Google Scales the Ivory Tower
By Nancy Bazilchuk
Whether it’s preserving snow leopards or managing populations of great apes, many of the world’s thorniest conservation problems are found far from university libraries and scholarly resources. Now, a new free search engine called Google Scholar (scholar.google.com) can enable researchers in the remotest places to sift through scholarly publications as easily as a university-based PhD.
Google Scholar was launched in November 2004 and is still in its beta test version. It works much like its widely used parent, Google, which ranks Web pages by analyzing the number and importance of their hyperlinks (see box). Google Scholar searches university websites, academic publications, library holdings, government documents, newspaper articles, and popular scientific magazines. It can also turn up articles that originally appeared in subscription-only scientific publications but have subsequently been reposted—such as when an author provides a free version of his or her work on a personal website.
Peter Kareiva, a Seattle-based lead scientist with The Nature Conservancy, uses Google Scholar every day. Because conservation biologists are often working outside the confines of academia, a search using more traditional databases doesn’t always provide the kinds of information that can be of most use, Kareiva says. Google Scholar search results allow conservation biologists not only to see what other academics are doing but also to monitor what the world at large is doing with their research. “The currency of academia is scholarship, but the currency of conservation is impact,” Kareiva says.
Just typing Kareiva’s name into Google Scholar’s query box gives you a sense of the scope of the search engine. The search retrieves documents from across the conservation biology spectrum, from Kareiva’s publications in peer-reviewed journals such as Ecology, Conservation Biology, and Annual Review of Ecology and Systematics to books he has edited. Each citation includes a “Cited by” link, which allows users to see how each document has been put to work elsewhere. For example, Kareiva’s work with Chinook salmon recovery plans has been cited in journal articles by other academics, used by professors across the globe as a part of coursework, and referred to in a report to Washington State’s Independent Science Panel.
In many ways, Google Scholar functions like a subscription-based search engine. From a university connection, it’s possible to link directly from the Google Scholar citation to the academic journal, provided the university library has a subscription to that journal and has signed up for the service with Google Scholar. Even without a university link, however, users will have some success finding free versions of peer-reviewed articles.
It is this latter feature that has put Google Scholar right into the thick of the debate over who owns scientific knowledge, who has the right to access it, and what that access costs. A subscription to Thompson ISI Web of Science, the gold standard of academic search engines, can cost a university thousands of dollars a year, with subscriptions to peer-reviewed journals an additional, equivalent cost. Some universities, led by the University of California system (which spends US$30 million annually on scholarly periodicals, according to a Wall Street Journal report), are fighting for scholarly publishing houses to reduce their fees or to provide free public access to peer-reviewed papers.

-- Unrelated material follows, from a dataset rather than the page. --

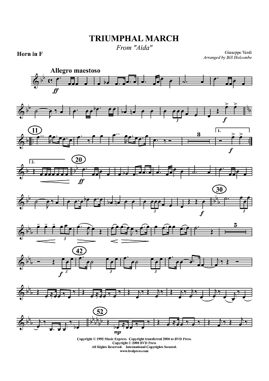 Digital Sheet Music for Triumphal March from "Aida" - Horn by Giuseppe Verdi, Bill Holcombe scored for Brass Quintet; id:405074

Google Scholar has limitations, as a number of research librarians have documented in a flurry of articles that followed the search engine’s release. Google has been vague about the breadth of the material it searches, saying only that it is working with all major academic publishers. Critics point out that it is important to know the details of what Scholar searches so that users know what they might be missing. In addition, it is difficult to limit searches to articles that have appeared in just one journal—a problem that particularly vexes Péter Jacsó, a professor in the University of Hawaii’s Library and Information Science Program. “It is hopeless to make a pure search for articles published in, say, Science magazine on a given topic,” he writes in an online critique of Scholar (1). “The results are full of journals whose title includes the word science along with other terms such as Information Science & Research or Cognitive Science.”
Another drawback is inherent in the way Google ranks its listings. Because the search engine lists the most cited documents first, the newest information is unlikely to make it to the top of the list.
However, the possibility of finding free content without a library connection is revolutionary. As a Nature Conservancy scientist working in Vermont, John H. Roe isn’t as far-flung as most. Nonetheless, he recently became aware of Google Scholar when he was stranded in the wilds of the Philadelphia airport and needed a source. He was impressed.
1. Péter’s Digital Reference Shelf: Google Scholar (Redux) June 2005 (www.galegroup.com/free_resources/reference/peter)
HOW GOOGLE WORKS
Google and Google Scholar use Googlebot, a Web crawler that archives and indexes webpages—more than 8 billion pages for the main Google search engine and a smaller, undisclosed number of sources for Google Scholar. When you type in your search, an algorithm looks at your search terms and retrieves relevant pages weighted in the following way. Pages with many links pointing to them are considered “authorities” and are given greater weight and higher ranking in a search. Links from these “authorities” to other Web pages also give those pages greater weight in a search—so that a link from Science is given greater weight than a link from a personal homepage. Google Scholar thus gives papers that have been cited many times a higher ranking than papers with fewer citations. Additional weight is given when a paper is referenced by another highly cited article.
About the Author
Nancy Bazilchuk is a freelance science writer based in Norway.